If a drag would create a circular dependency (e.g. A blocks B, B blocks C, and you try to make C block A), every task that's part of the would-be loop tints red while you drag. The drop is refused; nothing happens on release.

This includes the task you're dragging from — you can't draw a dependency from a task to itself.

Remove a dependency

  1. Hover the dashed arrow you want to remove.
  2. A small red × appears at the middle of the arrow.
  3. Click it. The arrow disappears, and a "Dependency removed — Ctrl+Z to restore" toast appears in the corner.

Press Ctrl+Z (or Cmd+Z on macOS) to undo if you removed the wrong one.

What about parent / child relationships?

Parent / child edges (the arrows running up and down between tasks) work the same way, just using the top and bottom ports on each task.

To change a task's parent:

  1. Hover the task whose parent you want to change. Its top port appears.
  2. Click and drag from the top port to the bottom port of a new parent.
  3. Release. The old parent → child arrow disappears; a new one appears.

To detach a task (make it a top-level task with no parent):

  1. Hover the task. Its top port appears.
  2. Click and drag from the top port out into empty canvas.
  3. Release.
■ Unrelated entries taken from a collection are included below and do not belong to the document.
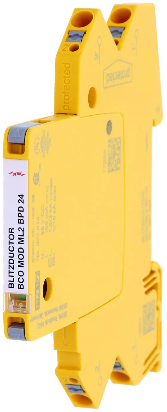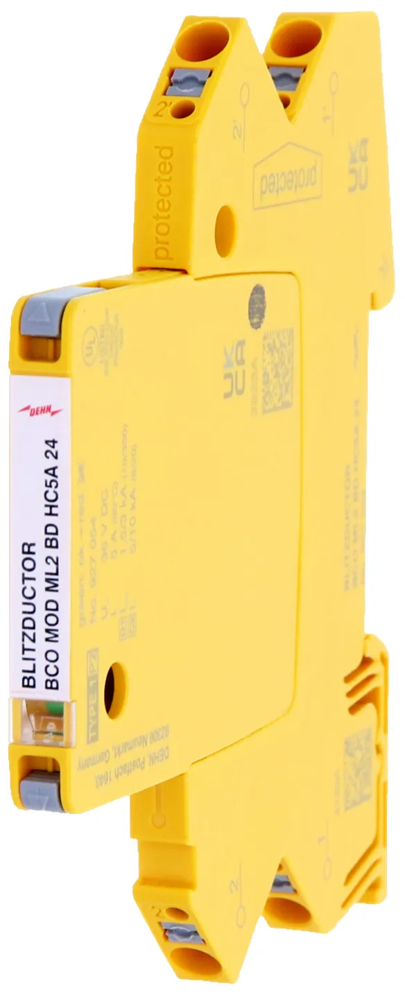 Combined arrester protection module with a width of 6 mm for BLITZDUCTORconnect with status indication for protecting one pair in 24 V DC systems. Also suitable for use with an earthed negative pole. Integrated PTC resistors allow for secure resetting of the arrester after interference in the system circuit with short-circuit currents of up to 40 A.
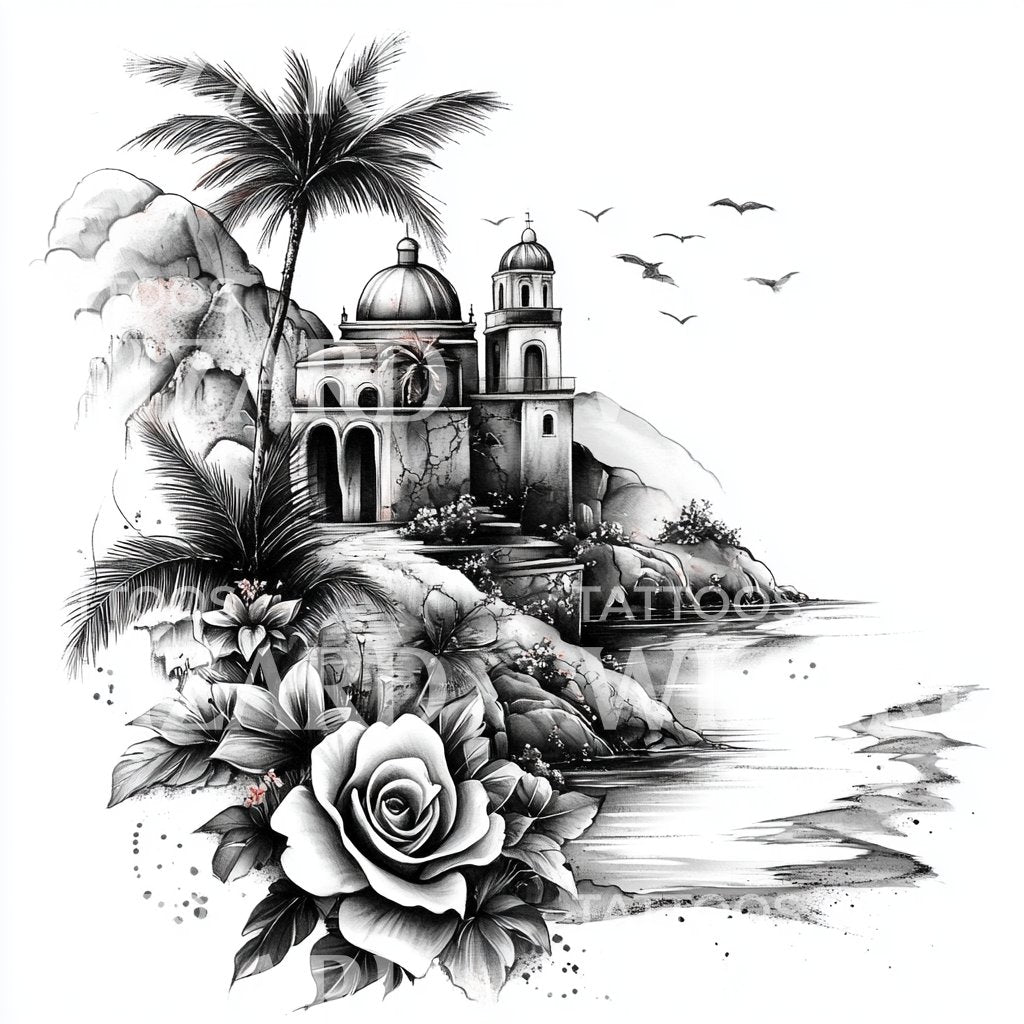 沉浸在这个黑灰色纹身设计所描绘的宁静浪漫的风景中。设计完美地刺绣出一座海边的风景教堂,周围环绕着郁郁葱葱的棕榈树和精致的花朵。这幅如画的作品不仅仅是纹身;它是对爱与宁静的精美叙述。
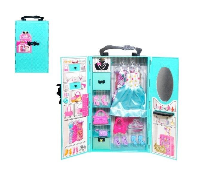 Kolorowa szafa dla lalek kryje w sobie wiele niespodzianek. Posiada w swoim wyposażeniu: lustro, wieszaki, sukienki, buty i torebki. Podane wymiary są wymiarami szafy. przeczytaj całość
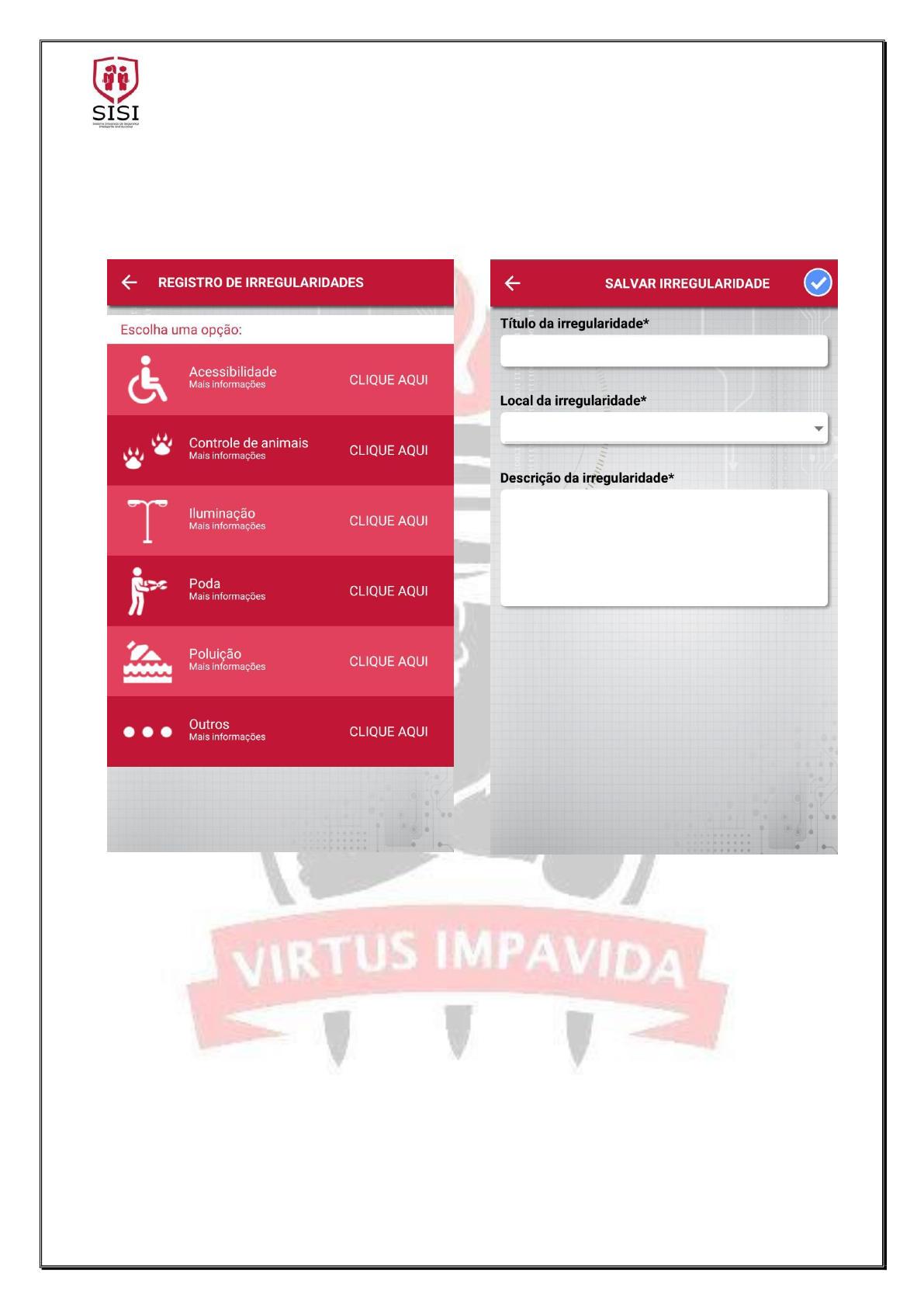 de animais, dentre outros, o usuário precisará selecionar o local e o

The parent arrow disappears.

Both actions are reversible — Ctrl+Z puts the old parent back.

If a drop would create a circular parent relationship (e.g. dragging a parent onto one of its own children), every task that's part of the would-be loop tints red and the drop is refused — same affordance as the dependency cycle case.

Who can edit dependencies?

Anyone with editor or admin access to the project. If your role is read-only, the side ports and the × glyph won't appear; you'll still see every dependency on the canvas, just not the controls to change them.